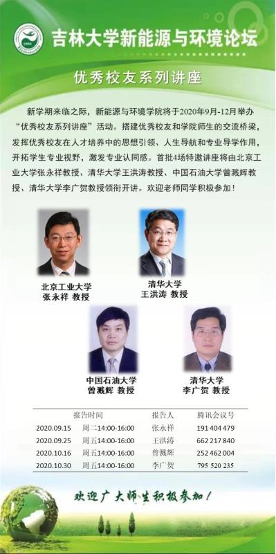 新学期来临之际,巨乳自拍 将于2020年9月—12月举办“优秀校友系列讲座”活动。搭建优秀校友和学院师生的交流桥梁,发挥优秀校友在人才培养中的思想引领、人生导航和专业导学作用,开拓学生专业视野,激发专业认同感。首批4场特邀讲座将由北京工业大学张永祥教授、清华大学王洪涛教授、中国石油大学曾溅辉教授、清华大学李广贺教授领衔开讲。欢迎老师同学积极参加!
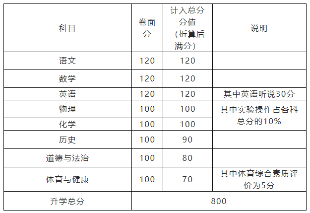 答:录取计分科目为语文、数学、英语、物理、化学、道德与法治、历史、体育与健康共8科,满分为800分。具体见下表:
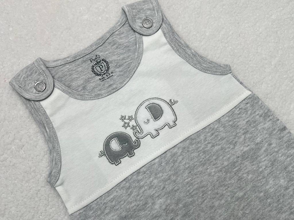 سرهمی رکابی نوزادی پسرانه خاکستری رنگ طرح الفنت پاریز Pariz
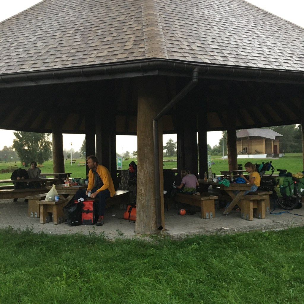 We eindigen vandaag in een park aan een meer in Zarzeczany. Er is alles wat we nodig hebben. Een meer om te plonzen, een paviljoen om te schuilen en een volleybalveld om de mannen te verslaan in netbal. Uiteraard komen we eerst nog een zotte kerk tegen.
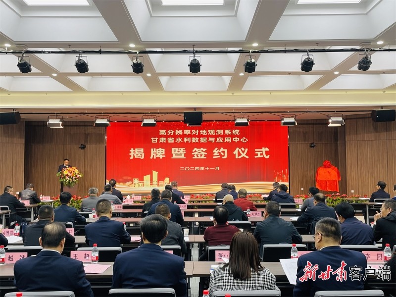 高分辨率對(duì)地觀測(cè)系統(tǒng)甘肅水利數(shù)據(jù)與應(yīng)用中心揭牌暨簽約儀式現(xiàn)場(chǎng)。新甘肅·甘肅日?qǐng)?bào)記者 張燕茹 攝
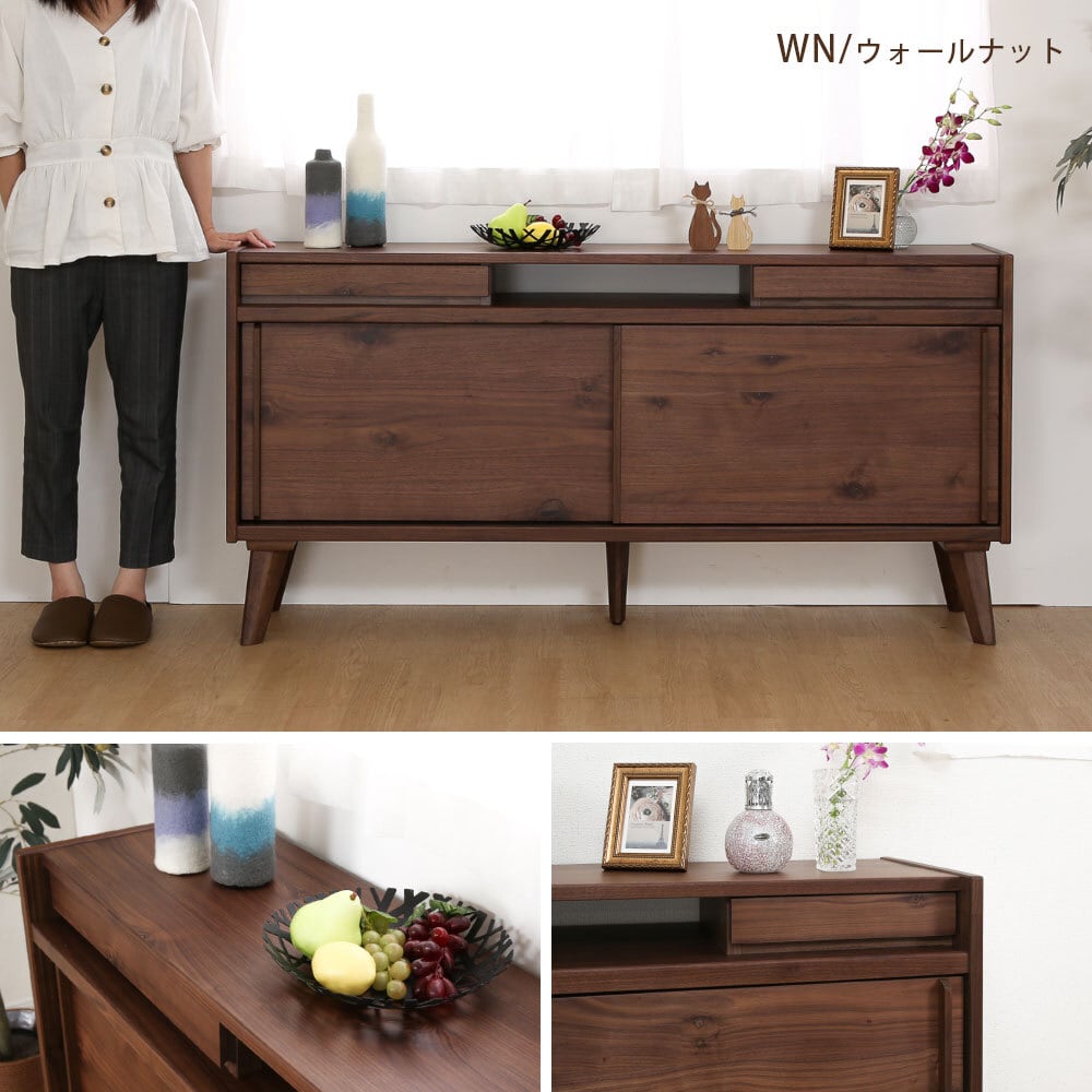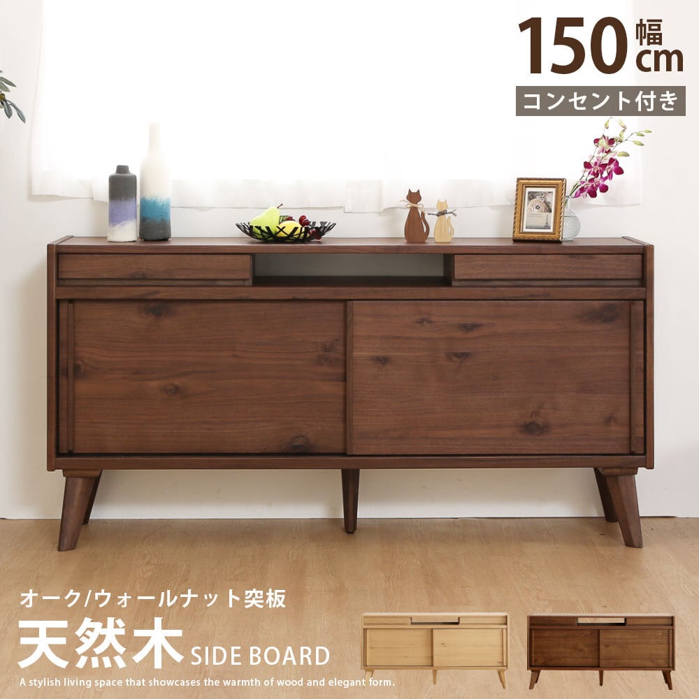 サイドボード リビングボード 幅 150 cm 可動棚 耐震ダボ 棚 キャビネット オーク ウォールナット 突板 引き戸 コンセント付き コード ベージュ ブラウン 木製 おしゃれ 収納 脚付き カウンター リビング 飾り 幅150 背面化粧 北欧 間仕切り sg0914
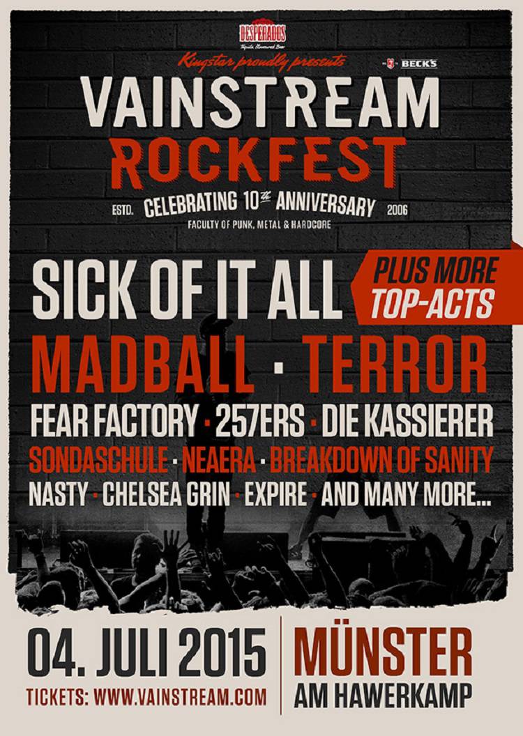 Angeführt von den Hardcore-Urgesteinen SICK OF IT ALL & MADBALL verkörpern die frisch bestätigten BREAKDOWN OF SANITY und NASTY die neue Marschroute im modernen Metal. Die ausgelassene Festivalstimmung ist ebenso garantiert. Neben dem momentan wohl erfolgreichsten Ska-Punk Act SONDASCHULE garantieren nicht zuletzt DIE KASSIERER und die frisch bestätigten Hip-Hop Überflieger 257ERS ein abwechslungsreiches Programm auf dem charmanten 1-Tages Festival.
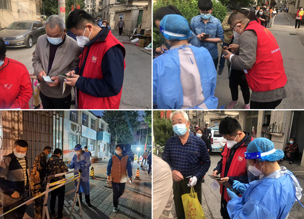 在板桥社区,身穿红色队服的青年突击队志愿者走街串巷,从宣传发动到为每一位村民进行核酸检测,他们分布在疫情防控的各个环节。“麻烦帮我看看这个怎么扫码”“请问做核酸在哪排队”“请在管控区路口支设围挡”,志愿者们细心讲解、耐心指导,有人哑了嗓子,有人磨出了水泡,但他们始终坚守岗位、恪尽职守,在板桥社区绘出一抹坚守的志愿红。
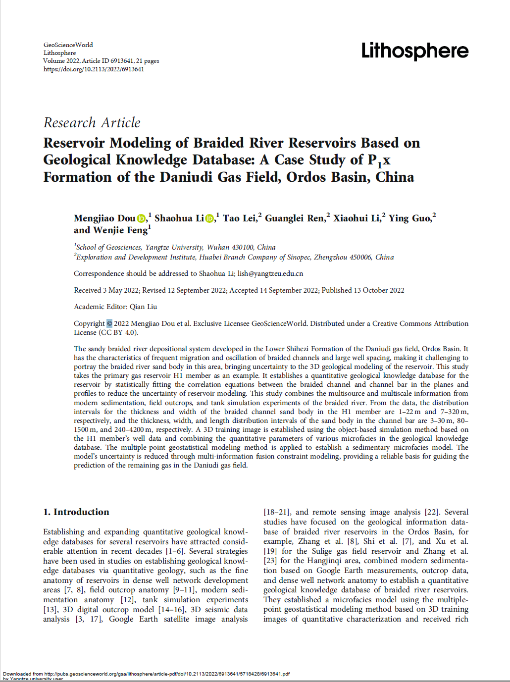 西瓜视频 博士生窦梦皎在《Lithosphere》上发表题为“Reservoir Modeling of Braided River Reservoirs Based onGeological Knowledge Database: A Case Study of P1xFormation of the Daniudi Gas Field, Ordos Basin, China”的研究论文。西瓜视频 为论文第一署名单位,博士生窦梦皎为论文第一作者,其导师李少华为通讯作者。
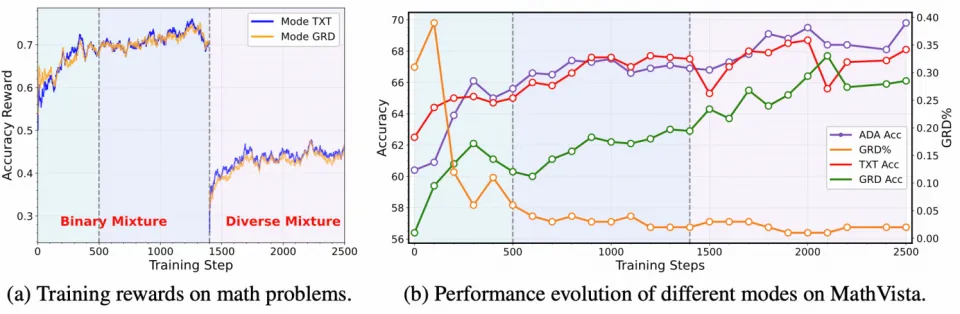 A2.1: 如图 4 所示,以数学问题为例,我们可以看到,图 (a) 中两个模式相对的 reward 高低(表现好坏)引导了图 (b) 中 GRD% 曲线(模式选择)的变化。大概可以分为三个学习阶段:
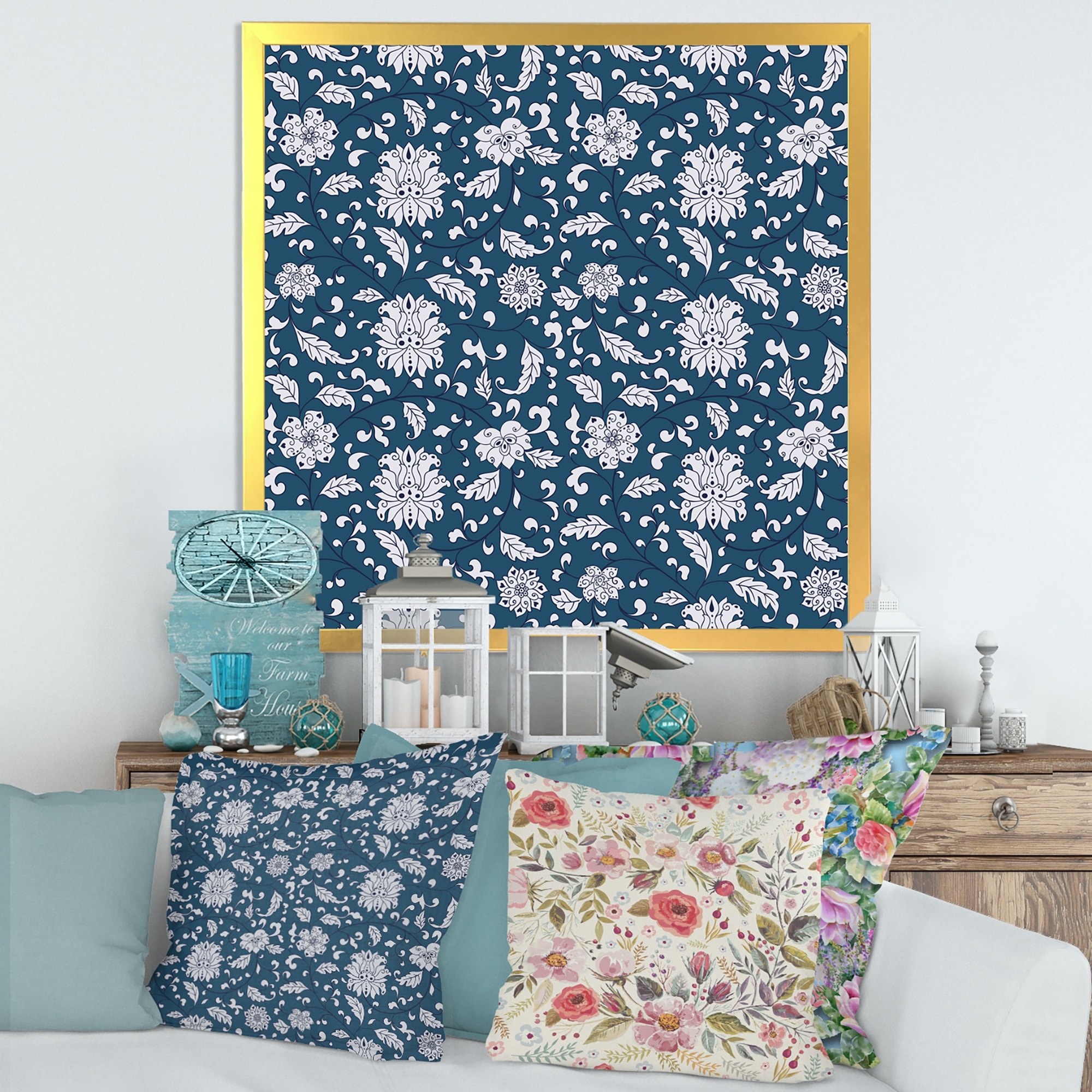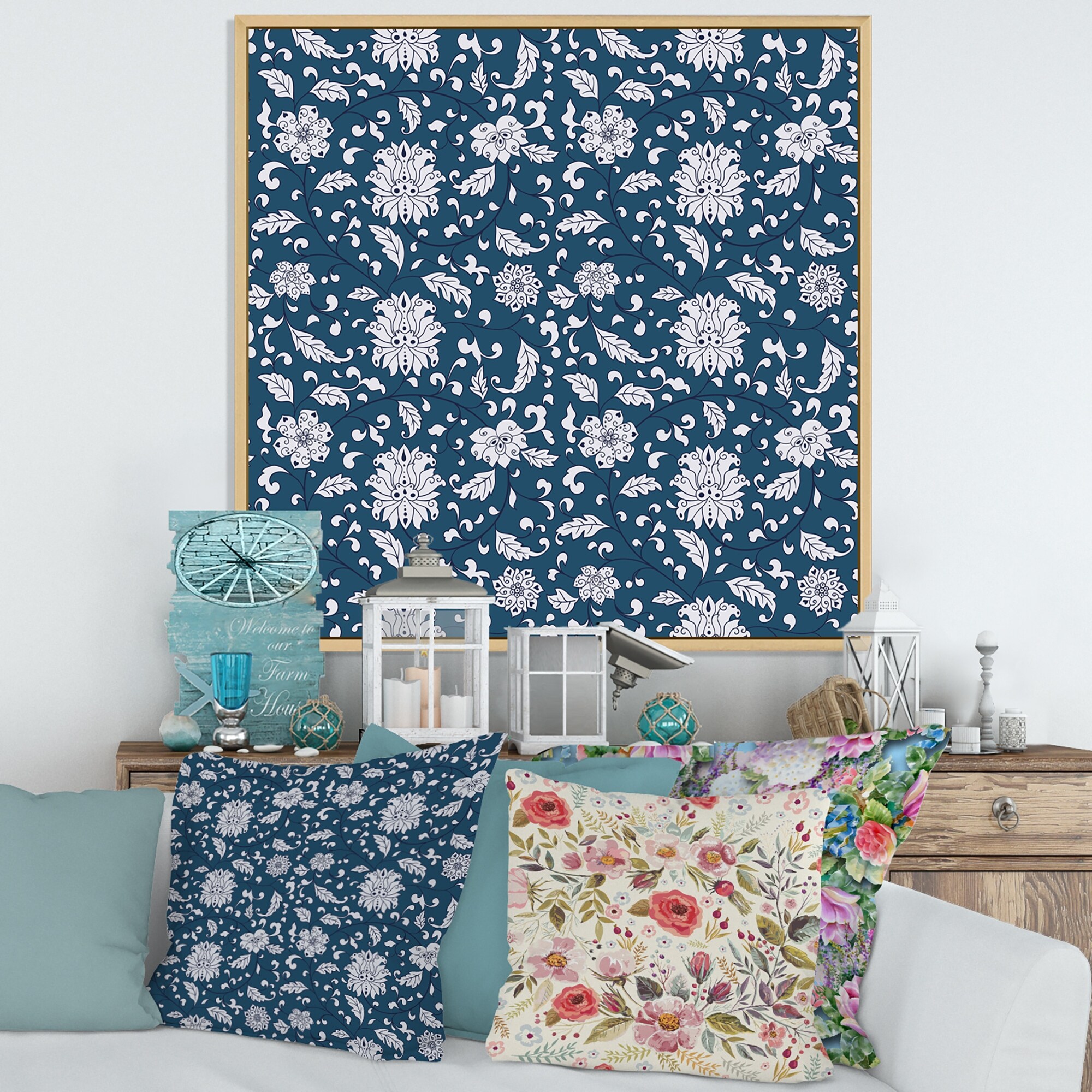 Designart "White Flowers on Dark Blu" Patterned Framed Art Print

**Directions:**
Give back every line of the material above word for word, leaving out the pictures.

**Reply:**
 新学期来临之际,巨乳自拍 将于2020年9月—12月举办“优秀校友系列讲座”活动。搭建优秀校友和学院师生的交流桥梁,发挥优秀校友在人才培养中的思想引领、人生导航和专业导学作用,开拓学生专业视野,激发专业认同感。首批4场特邀讲座将由北京工业大学张永祥教授、清华大学王洪涛教授、中国石油大学曾溅辉教授、清华大学李广贺教授领衔开讲。欢迎老师同学积极参加!
 答:录取计分科目为语文、数学、英语、物理、化学、道德与法治、历史、体育与健康共8科,满分为800分。具体见下表:
 سرهمی رکابی نوزادی پسرانه خاکستری رنگ طرح الفنت پاریز Pariz
 We eindigen vandaag in een park aan een meer in Zarzeczany. Er is alles wat we nodig hebben. Een meer om te plonzen, een paviljoen om te schuilen en een volleybalveld om de mannen te verslaan in netbal. Uiteraard komen we eerst nog een zotte kerk tegen.
 高分辨率對(duì)地觀測(cè)系統(tǒng)甘肅水利數(shù)據(jù)與應(yīng)用中心揭牌暨簽約儀式現(xiàn)場(chǎng)。新甘肅·甘肅日?qǐng)?bào)記者 張燕茹 攝
 サイドボード リビングボード 幅 150 cm 可動棚 耐震ダボ 棚 キャビネット オーク ウォールナット 突板 引き戸 コンセント付き コード ベージュ ブラウン 木製 おしゃれ 収納 脚付き カウンター リビング 飾り 幅150 背面化粧 北欧 間仕切り sg0914
 Angeführt von den Hardcore-Urgesteinen SICK OF IT ALL & MADBALL verkörpern die frisch bestätigten BREAKDOWN OF SANITY und NASTY die neue Marschroute im modernen Metal. Die ausgelassene Festivalstimmung ist ebenso garantiert. Neben dem momentan wohl erfolgreichsten Ska-Punk Act SONDASCHULE garantieren nicht zuletzt DIE KASSIERER und die frisch bestätigten Hip-Hop Überflieger 257ERS ein abwechslungsreiches Programm auf dem charmanten 1-Tages Festival.
 在板桥社区,身穿红色队服的青年突击队志愿者走街串巷,从宣传发动到为每一位村民进行核酸检测,他们分布在疫情防控的各个环节。“麻烦帮我看看这个怎么扫码”“请问做核酸在哪排队”“请在管控区路口支设围挡”,志愿者们细心讲解、耐心指导,有人哑了嗓子,有人磨出了水泡,但他们始终坚守岗位、恪尽职守,在板桥社区绘出一抹坚守的志愿红。
 西瓜视频 博士生窦梦皎在《Lithosphere》上发表题为“Reservoir Modeling of Braided River Reservoirs Based onGeological Knowledge Database: A Case Study of P1xFormation of the Daniudi Gas Field, Ordos Basin, China”的研究论文。西瓜视频 为论文第一署名单位,博士生窦梦皎为论文第一作者,其导师李少华为通讯作者。
 A2.1: 如图 4 所示,以数学问题为例,我们可以看到,图 (a) 中两个模式相对的 reward 高低(表现好坏)引导了图 (b) 中 GRD% 曲线(模式选择)的变化。大概可以分为三个学习阶段:
 Designart "White Flowers on Dark Blu" Patterned Framed Art Print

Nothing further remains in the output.